Solo un intervento da parte di stakeholder del calibro di ANAC nel 2026 può frenare questa tendenza distruttiva.

Requisiti di partecipazione alle gare: selezione formale, effetti concreti

Il tema è meno visibile mediaticamente, ma è strutturale.
I requisiti di partecipazione vengono spesso percepiti dai concorrenti come sproporzionati rispetto all’oggetto dell’appalto: formalmente legittimi, ma sostanzialmente selettivi e utilizzati per limitare il numero dei concorrenti.

Questo fenomeno incide soprattutto sulle PMI e sui servizi, dove la concorrenza effettiva rischia di restare solo sul piano formale e teorico.

Il contenzioso su questi aspetti esiste, ma è meno frequente perché difficile da vincere: l’onere della prova è particolarmente gravoso.
Si prevede che ciò incentivi gli operatori a rinunciare a impugnare, accettando l’esclusione come un dato di fatto.

Avvalimento e subappalto: una riforma che funziona

È un caso frequente e interessante di dibattito che non presenta criticità maggiori rispetto al passato.
Avvalimento e subappalto sono stati molto discussi, ma non perché generino particolari problemi di applicazione.

Al contrario, il confronto ha mostrato che su questi istituti il Codice degli appalti ha compiuto passi avanti concreti, avvicinandosi a una disciplina più matura e coerente con il diritto europeo.

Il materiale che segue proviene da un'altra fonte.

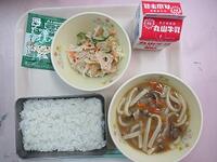 ごはん ふりかけのり 牛乳 肉うどん れんこんの和え物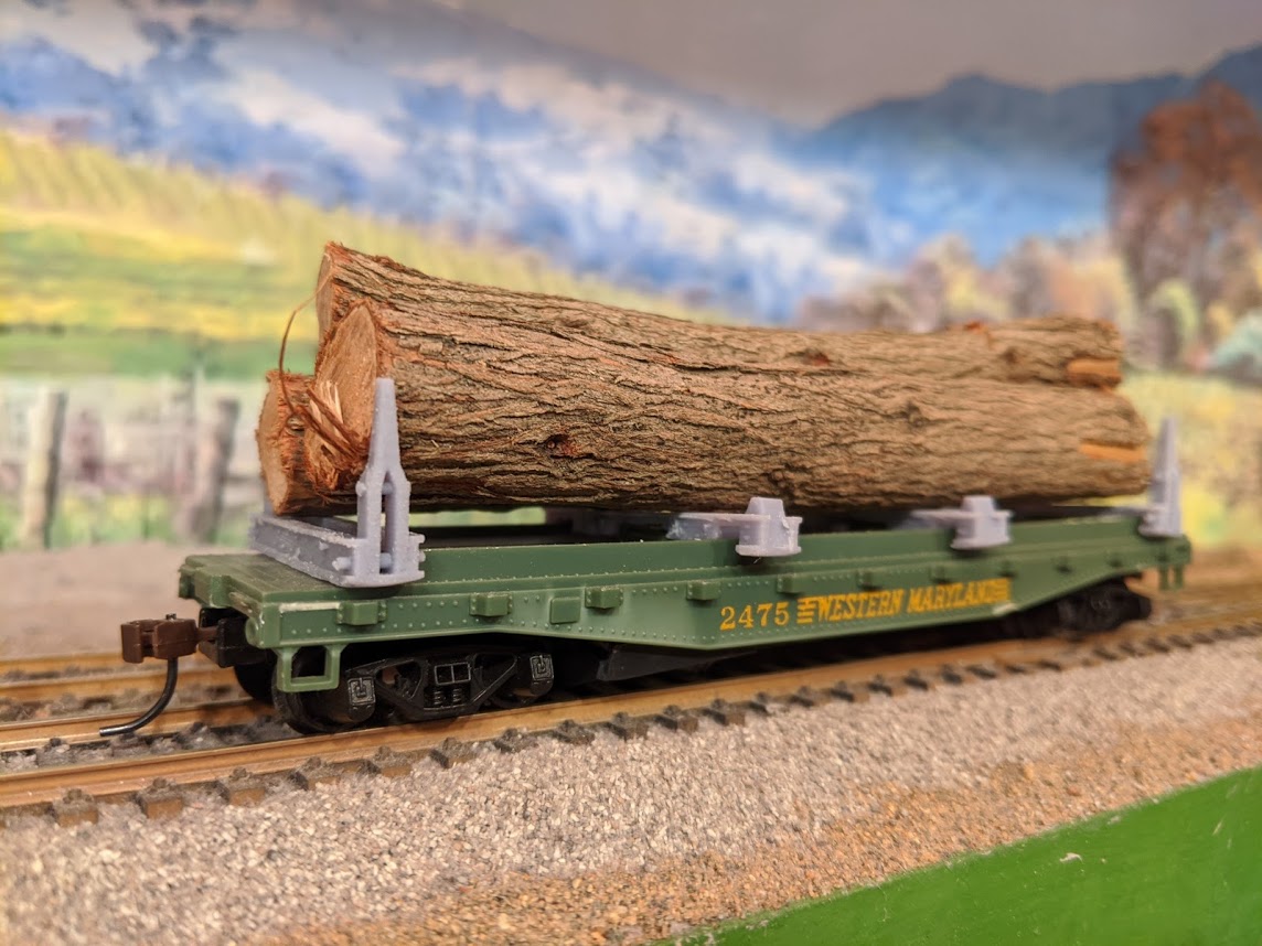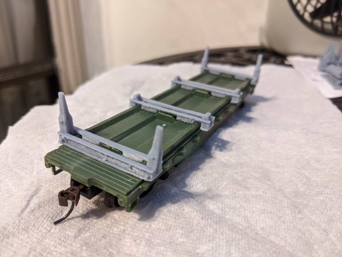 I've been playing around with Sketchup and my 3D printer and I came up with these bunk pieces for the skid flatcar. I created them last year and set it aside to work on other things, and now I picked it up again. I'm still learning how to print them to the proper size. The middle two pieces turned out a bit too wide. I plan to paint them black.
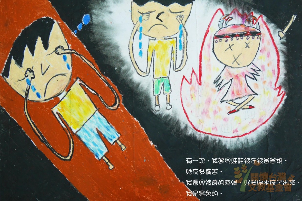 可是有一次、我沒有把娃娃藏好,結果娃娃就不見了。我回家時,我找不到娃娃,於是就問奶奶說:「我的娃娃呢?」奶奶就跟我說:「你的娃娃被爸爸拿走了。」我很緊張的問奶奶說:「爸爸把我的娃娃做什麼?」 奶奶又說:「爸爸爸把娃娃燒掉了。」 我好難過、好難過、好難過......我的世界是火紅色的。

Il contenzioso è limitato e riguarda soprattutto questioni puntuali, non sistemiche.
È uno dei pochi ambiti in cui si può parlare di riforma riuscita e non dovremmo aspettarci altro per il 2026 se non il ricorso massivo ad avvalimento e subappalto come strumento strategico di competitività nelle gare.

Digitalizzazione e piattaforme di gara: criticità e nuovi contenziosi

Il tema è esploso oltre le aspettative.
La digitalizzazione, presentata come fattore abilitante, si è rivelata in molti casi un elemento critico.

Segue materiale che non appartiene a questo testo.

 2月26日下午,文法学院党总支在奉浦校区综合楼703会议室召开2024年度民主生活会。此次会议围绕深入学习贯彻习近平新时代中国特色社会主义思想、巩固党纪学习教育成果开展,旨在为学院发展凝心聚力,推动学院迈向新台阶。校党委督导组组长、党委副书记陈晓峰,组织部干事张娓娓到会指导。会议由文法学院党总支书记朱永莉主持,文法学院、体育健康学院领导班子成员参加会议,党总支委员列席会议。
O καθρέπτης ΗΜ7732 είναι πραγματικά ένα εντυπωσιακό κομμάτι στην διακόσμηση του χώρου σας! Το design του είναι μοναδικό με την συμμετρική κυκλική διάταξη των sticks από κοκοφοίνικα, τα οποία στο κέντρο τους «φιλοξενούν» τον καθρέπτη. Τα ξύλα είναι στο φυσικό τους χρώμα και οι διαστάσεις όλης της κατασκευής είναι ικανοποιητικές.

Sono stati segnalati malfunzionamenti improvvisi delle piattaforme, problemi concentrati in prossimità delle scadenze, qualità insufficiente dei dati pubblicati sulla Banca Dati Nazionale Contratti Pubblici gestita da ANAC, e un’interoperabilità non perfetta delle banche dati.

Questi problemi hanno un impatto diretto sulla legittimità delle procedure e stanno alimentando un contenzioso nuovo, incentrato sulla responsabilità della stazione appaltante per errori tecnologici non imputabili agli operatori economici.

Sul tema dobbiamo necessariamente aspettare un miglioramento dovuto al consolidamento degli strumenti di interoperabilità e della Banca Dati Nazionale Contratti Pubblici.

Ruolo e responsabilità del RUP: più autonomia, più esposizione

Qui è avvenuto il cambiamento culturale auspicato dal Codice.
Il RUP è oggi una figura più centrale, più autonoma e più esposta.

L’aumento della discrezionalità decisionale e delle responsabilità è evidente, ma a questo si accompagna la diminuzione della paura della firma.
Il RUP firma di più, decide di più e blocca meno i procedimenti, assumendo un ruolo gestionale.

È un equilibrio delicato, ma rappresenta uno degli aspetti più innovativi e positivi dell’attuale assetto.